Interpolation and Extrapolation
We use graphs to visualize trends between variables. We can use the trend to make predictions about other data points not available. When the predictable data falls within the available data points it is called interpolation. When the data falls outside the available data points it is called extrapolation.
Line of Best Fit
A Line of Best Fit simply refers to a line drawn through a scatter plot of data points that best expresses the relationship between those points.
To draw the line of best fit, we can estimated by drawing a line through most of the data points. However, there also exist a way to calculate the actual best line using Least Squares Regression (learnt later).
The table below shows the annual salaries of consumers and the price of cars they drive (in thousands of dollars):
| x Values(Salary, k$) | 42.7 | 195.0 | 35.5 | 214.0 | 75.0 | 130.0 | 42.0 | 151.0 | 55.0 | 120.0 | 132.0 |
|---|---|---|---|---|---|---|---|---|---|---|---|
| y Values (Car price, k$) | 19.5 | 95.0 | 21.0 | 105.0 | 34.0 | 87.0 | 18.0 | 91.5 | 29.5 | 55.0 | 56.0 |
By plotting the points on a graph, we see there is a linear positive relation between the salary and cost of the car. That means, in general, someone who makes more money will have a more expensive car.
We can draw a line of best fit through the data that shows the trend between the two variables. The line should go through many points and be close to the others.
Let's look at some not so good lines of best fit. The first line doesn't go through any of the points. The second line goes through two points but is far away from the others.
A tip for drawing a good line of best fit is to make sure the number of points above and below the line are similar.
An outlier refers to a point that is separated from the main body of data on a graph. Sometimes, an outlier results from a meaurement error or from some factor that affects only a few of the observed values for a variable. In a scatter plot, an outlier is a point that either doesn't touch or is far away from the line of best fit.
First, let's estimate two points on the line. Try to pick numbers that are easy to estimate that lie near the grid of the plot:
In this instance, we will choose \((0, 2,000)\) and \((150,000, 71,000)\) as our two points.
From these two points we can find the approximate slope:
\(m = \cfrac{y_2 - y_1}{x_2 - x_1}\)
\(m = \cfrac{71,000-2,000}{150,000-0} \)
\(m = \cfrac{69,000}{150,000} \)
\(m = 0.46\)
Next, we need to determine the \(y\)-intercept.
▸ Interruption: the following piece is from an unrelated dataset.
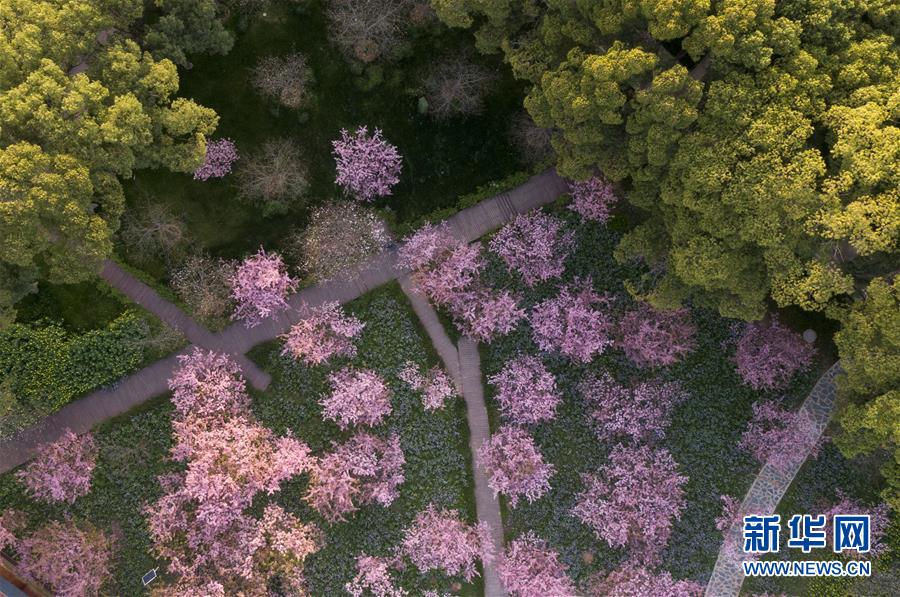 武漢大學(xué)校園一角(3月16日攝,無人機照片)。進(jìn)入三月中旬,武漢大學(xué)櫻花開放。因疫情防控,校園不對公眾開放,為了滿足大眾對美景的期待,武漢大學(xué)開啟“云賞櫻”,3月16日至25日每天上午10時至下午16時,通過網(wǎng)絡(luò)為公眾呈現(xiàn)校園櫻花實景。新華社記者程敏攝

We already estimate the \(y\)-intercept as one of the points, \((0, 2,000)\).
Then, we substitute in the values and can write the equation as such:
\(y = 0.46x + 2000\)
Therefore, we have determined the equation for the line of best fit as \(\boldsymbol{y = 0.46x + 2000}\)!
Interpolating
Notice we do not have a data point at a salary at \($80,000\). Instead, we can use the line of best fit to estimate the price of the car.
We have determined the equation for the line of best fit from the previous question:
\(y = 0.46x + 2000\)
Next, we can substitute \(80,000\) for \(x\) and solve:
\( y = 0.46(80000) +2000 \)
\(y = $38,800\)
From within the graph, the estimated price of cars for consumers making \($80,000\) to drive would be worth around \(\boldsymbol{$38,8000}\). Check if this looks right by plotting the point on the graph!
Extrapolating
We have determined the equation for the line of best fit from the previous question:
\(y = 0.46x + 2000\)
Next, we can aubstitute \(1,000,000\) for \(x\) and solve:
\( y = 0.46(1000000) +2000 \)
\(y = $462,000\)
Predicting outside the graph, the estimated price of cars for consumers making \($1\) million to drive would be worth around \(\boldsymbol{$462,000}\).
Be careful when extrapolating! You never know if the trend will continue outside the data we have.